Monday, July 7, 2014

Custom Cassandra Data Types

In the blog post Connecting to Cassandra from Java, I mentioned that one advantage for Java developers of Cassandra being implemented in Java is the ability to create custom Cassandra data types. In this post, I outline how to do this in greater detail.

Cassandra has numerous built-in data types, but there are situations in which one may want to add a custom type. Cassandra custom data types are implemented in Java by extending the org.apache.cassandra.db.marshal.AbstractType class.

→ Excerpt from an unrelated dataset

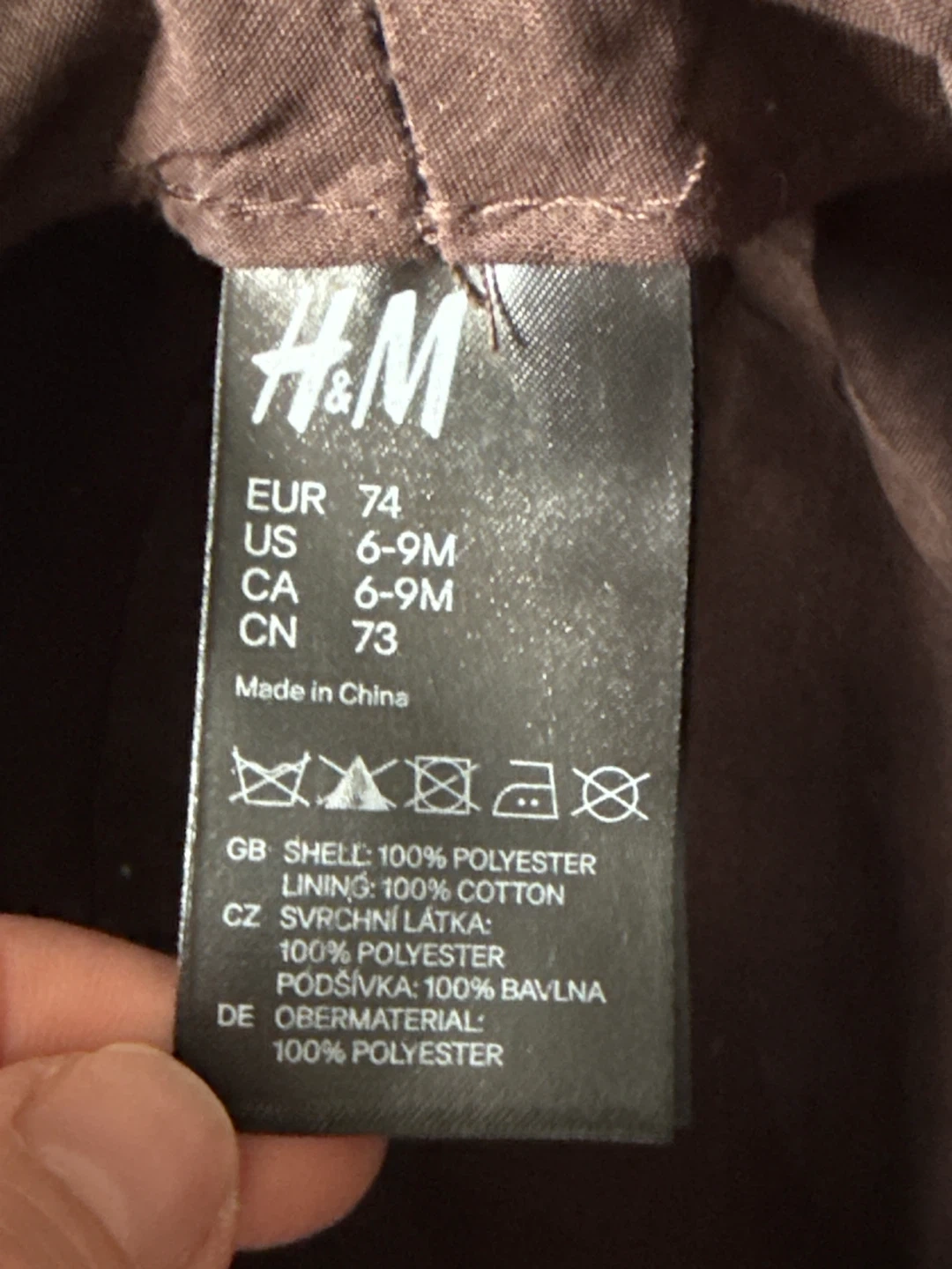 Here's a cute little fedora from H&M! It's a brown corduroy hat with a striped band. The tag says it's size 6-9M. The shell is 100% polyester and the lining is 100% cotton

The class that extends this must ultimately implement three methods with the following signatures:

public ByteBuffer fromString(final String) throws MarshalException
public TypeSerializer getSerializer()
public int compare(Object, Object)

This post's example implementation of AbstractType is shown in the next code listing.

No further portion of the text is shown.